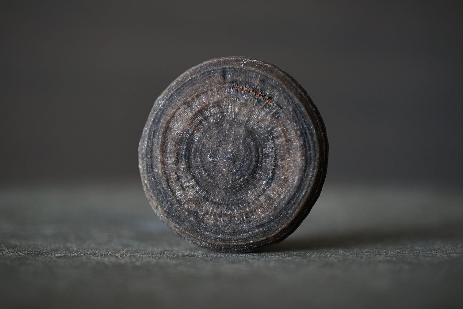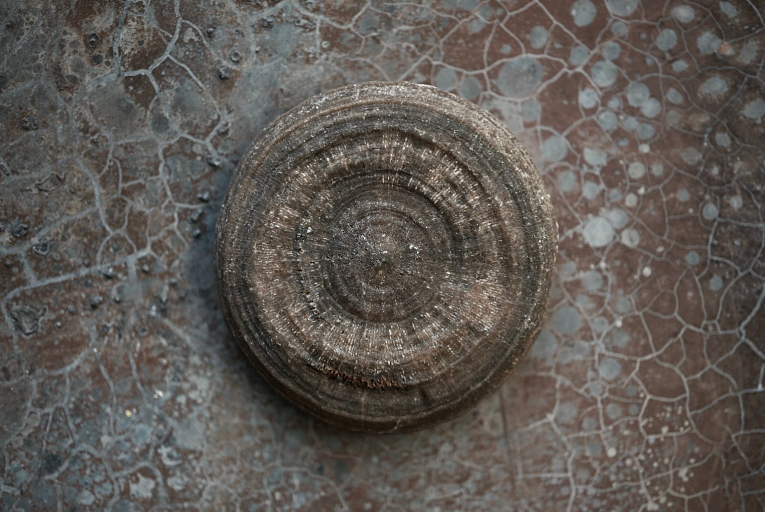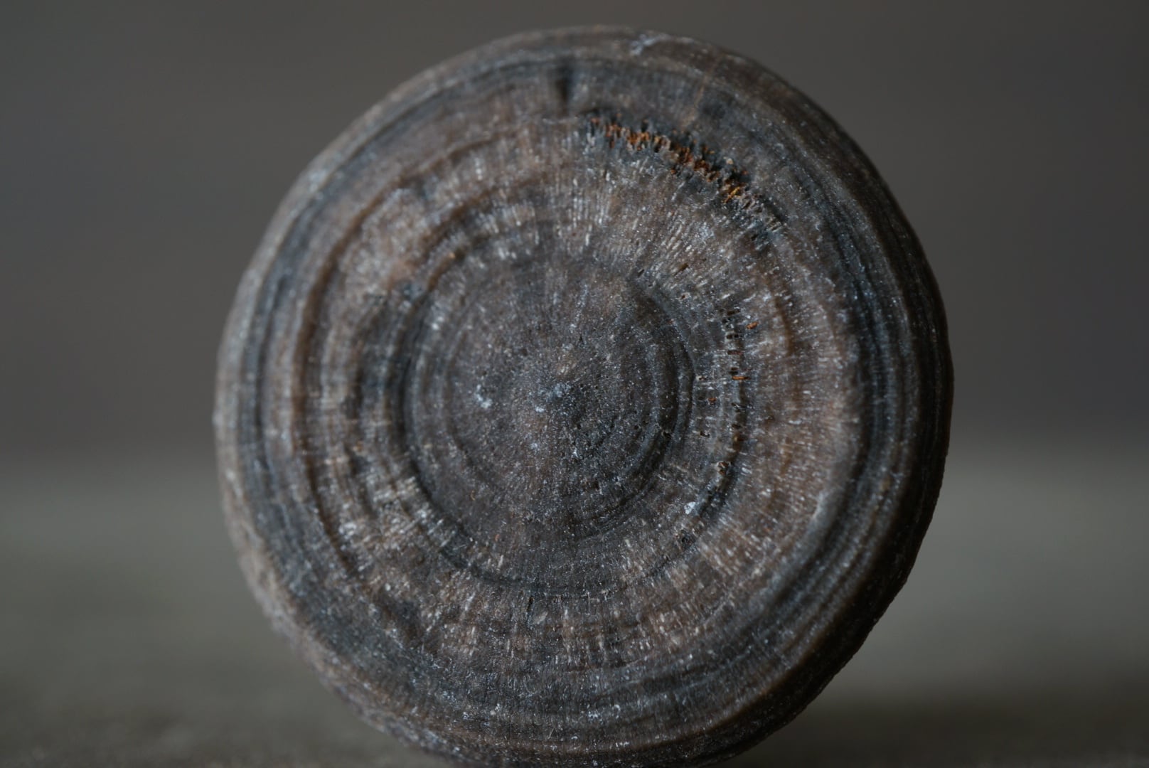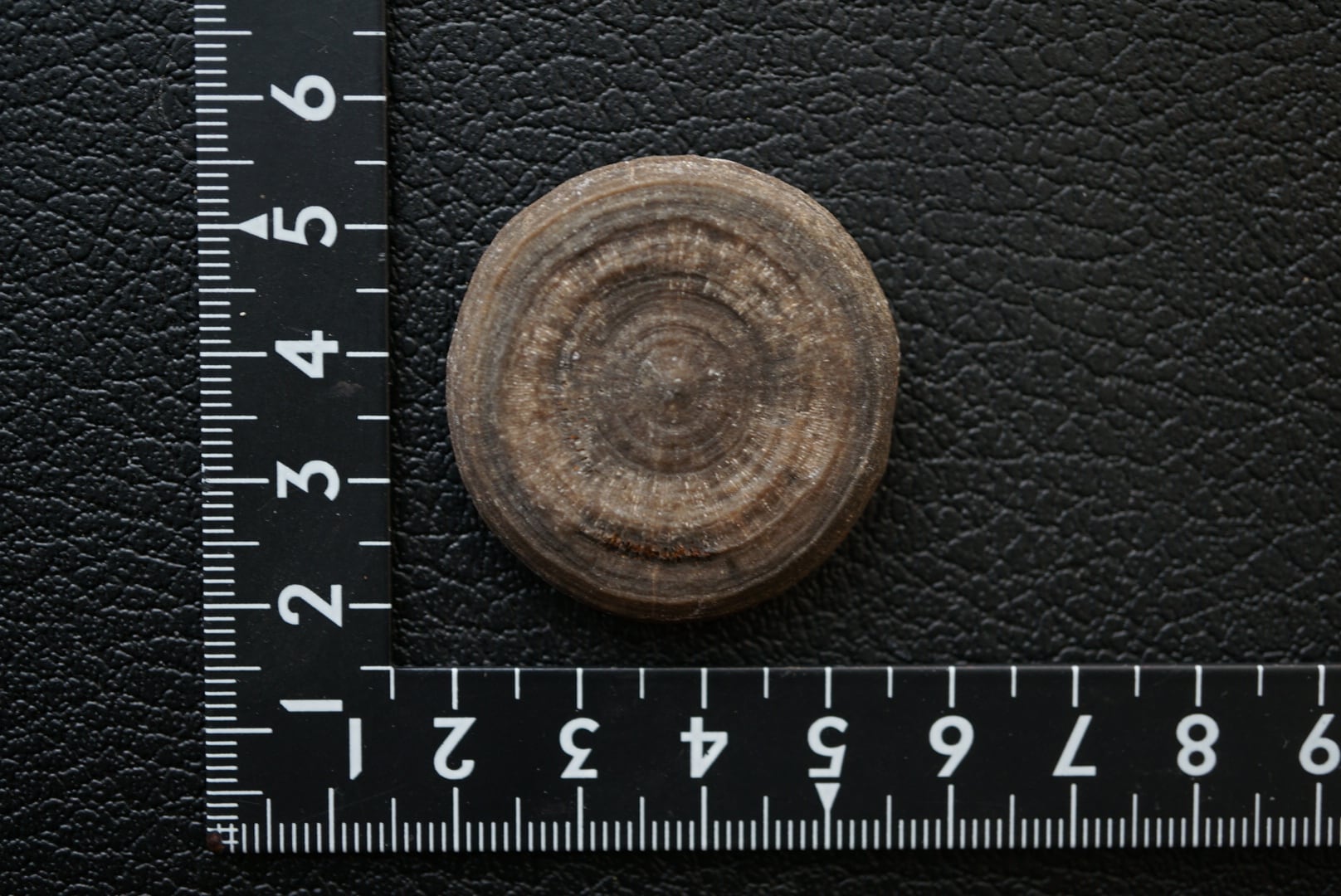 中央から外縁に向かって幾重にも重なる層は、かつての成長の痕跡を克明に残しており、背面には放射状の細やかな線と柔らかなくぼみが美しく残っています。
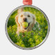 Ceramic ornament with image of a golden retriever with tennis ball in mouth in the shrub.
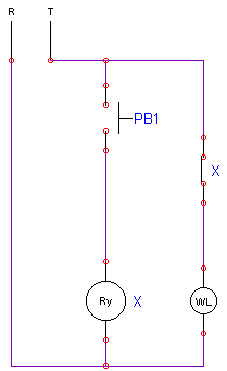 - 접점 PB1가 ON 되었을 때 릴레이 코일 X는 작동하고 릴레이 코일 X의 b접점 X도 작동하여 회로가 열리므로 표시등 WL 은 점등하지 않는다. (소등된다)
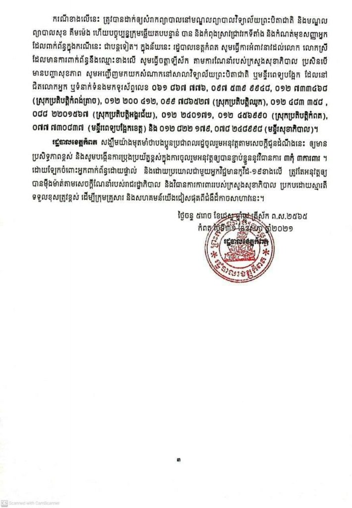 រដ្ឋបាលខេត្តកំពតនៅថ្ងៃទី៣១ ខែឧសភា ឆ្នាំ២០២១នេះ បានបន្តរកឃើញអ្នកឆ្លងជំងឺកូវីដ-១៩ចំនួន៥៥នាក់បន្ថែមទៀត ដែលជាបុគ្គលិក និងប្រជាពលរដ្ឋជាអ្នកបានចូលទៅលេងល្បែងនៅក្នុងកាស៊ីណូសុខ គឹមម៉េង ស្ថិតនៅច្រកទ្រារភាគីតន់ហន់ ស្ថិតនៅភូមិព្រែកក្រឹស ឃុំព្រែកក្រឹស ស្រុកកំពង់ត្រាច។
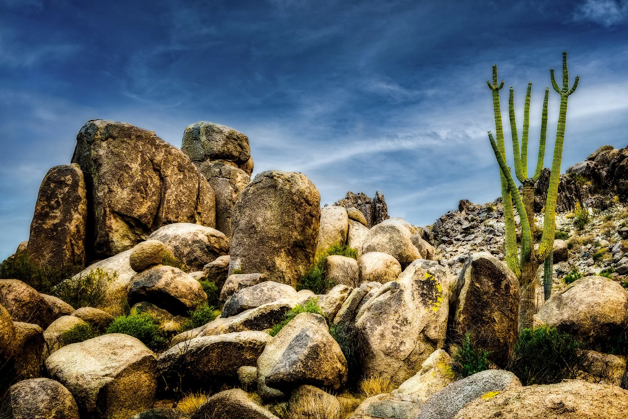 Tough you will see boulders above, the primary focus are the saguaro cacti. The boulders of the Sonoran desert are characterized by erosion, primarily through freeze-thaw conditions that ‘flake off’ small marble-sized pieces. These small, rough stones can be found throughout urban area as residential ‘ground cover’. The surface of most of the boulders below have the texture of a very, very rough sandpaper.
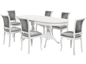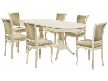 Обеденная группа «ДМФ Аврора Стол Фабрицио-2 овал и 6 стульев Кабриоль» — это изысканный комплект, который включает стол с овальной столешницей в белом эмалевом исполнении и шесть стульев с обивкой Базар 149/2. Изготовленная Димитровградской мебельной фабрикой «Аврора», эта мебель выполнена из экологически чистого массива березы, что обеспечивает долговечность и безопасность.
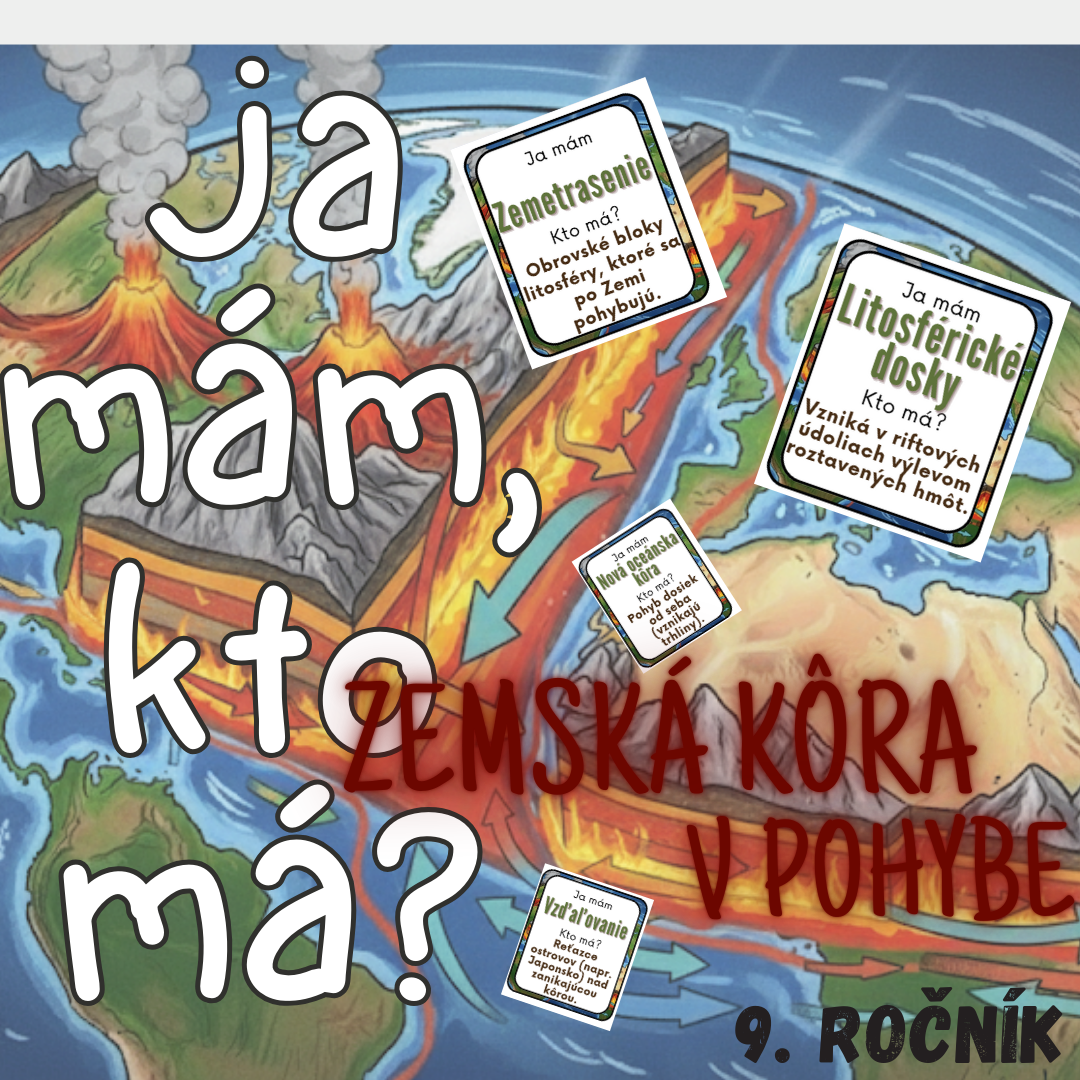 Materiál Ja mám, kto má? – Zemská kôra v pohybe je interaktívna a hravá aktivita, ktorá pomáha žiakom 9. ročníka zopakovať základné pojmy o tektonike, pohybe litosférických dosiek, zemetraseniach a sopečnej činnosti.
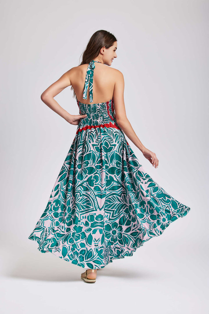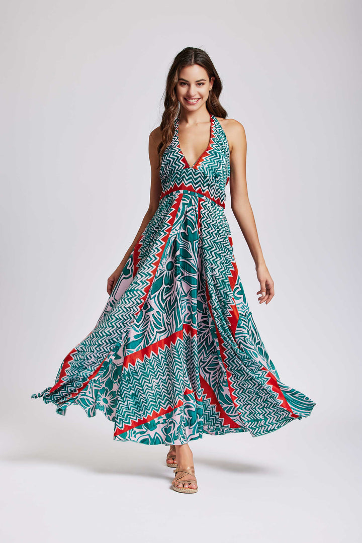 Enhance your elegance with the Emerald Halter Neck Dress . The long model, with a deep V-neck, enhances your décolleté. The emerald-toned print adds a touch of color to your figure. The wide skirt with double layer and wavy flounced bottom guarantees a fluid and sinuous movement.
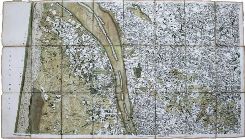 Carte entoilée et coloriée à l'époque, Blaye et l'estuaire de la Gironde. De la côte du Médoc à Monheu et Montguyon. Première carte de la France a utiliser les triangulations géodésiques, la carte de Cassini ne sera remplacée qu'à partir de 1866, par la carte d'Etat-Major à usage militaire. D'une grande précision, cette carte est une source incontournable sur la France du XVIIIe. Le travail géodésique débuta en 1756 et s'acheva en 1789. L'impression ayant prit du retard avec la Révolution ne s'acheva qu'en 1815. Bel exemplaire. /// In-plano, [59 x 104 cm] de ////

### EXERCISE DIRECTIONS
Please retype the listing above word for word, skipping each picture.

### YOUR RESPONSE
 中央から外縁に向かって幾重にも重なる層は、かつての成長の痕跡を克明に残しており、背面には放射状の細やかな線と柔らかなくぼみが美しく残っています。
 Ceramic ornament with image of a golden retriever with tennis ball in mouth in the shrub.
 - 접점 PB1가 ON 되었을 때 릴레이 코일 X는 작동하고 릴레이 코일 X의 b접점 X도 작동하여 회로가 열리므로 표시등 WL 은 점등하지 않는다. (소등된다)
 រដ្ឋបាលខេត្តកំពតនៅថ្ងៃទី៣១ ខែឧសភា ឆ្នាំ២០២១នេះ បានបន្តរកឃើញអ្នកឆ្លងជំងឺកូវីដ-១៩ចំនួន៥៥នាក់បន្ថែមទៀត ដែលជាបុគ្គលិក និងប្រជាពលរដ្ឋជាអ្នកបានចូលទៅលេងល្បែងនៅក្នុងកាស៊ីណូសុខ គឹមម៉េង ស្ថិតនៅច្រកទ្រារភាគីតន់ហន់ ស្ថិតនៅភូមិព្រែកក្រឹស ឃុំព្រែកក្រឹស ស្រុកកំពង់ត្រាច។
 Tough you will see boulders above, the primary focus are the saguaro cacti. The boulders of the Sonoran desert are characterized by erosion, primarily through freeze-thaw conditions that ‘flake off’ small marble-sized pieces. These small, rough stones can be found throughout urban area as residential ‘ground cover’. The surface of most of the boulders below have the texture of a very, very rough sandpaper.
 Обеденная группа «ДМФ Аврора Стол Фабрицио-2 овал и 6 стульев Кабриоль» — это изысканный комплект, который включает стол с овальной столешницей в белом эмалевом исполнении и шесть стульев с обивкой Базар 149/2. Изготовленная Димитровградской мебельной фабрикой «Аврора», эта мебель выполнена из экологически чистого массива березы, что обеспечивает долговечность и безопасность.
 Materiál Ja mám, kto má? – Zemská kôra v pohybe je interaktívna a hravá aktivita, ktorá pomáha žiakom 9. ročníka zopakovať základné pojmy o tektonike, pohybe litosférických dosiek, zemetraseniach a sopečnej činnosti.
 Enhance your elegance with the Emerald Halter Neck Dress . The long model, with a deep V-neck, enhances your décolleté. The emerald-toned print adds a touch of color to your figure. The wide skirt with double layer and wavy flounced bottom guarantees a fluid and sinuous movement.
 Carte entoilée et coloriée à l'époque, Blaye et l'estuaire de la Gironde. De la côte du Médoc à Monheu et Montguyon. Première carte de la France a utiliser les triangulations géodésiques, la carte de Cassini ne sera remplacée qu'à partir de 1866, par la carte d'Etat-Major à usage militaire. D'une grande précision, cette carte est une source incontournable sur la France du XVIIIe. Le travail géodésique débuta en 1756 et s'acheva en 1789. L'impression ayant prit du retard avec la Révolution ne s'acheva qu'en 1815. Bel exemplaire. /// In-plano, [59 x 104 cm] de ////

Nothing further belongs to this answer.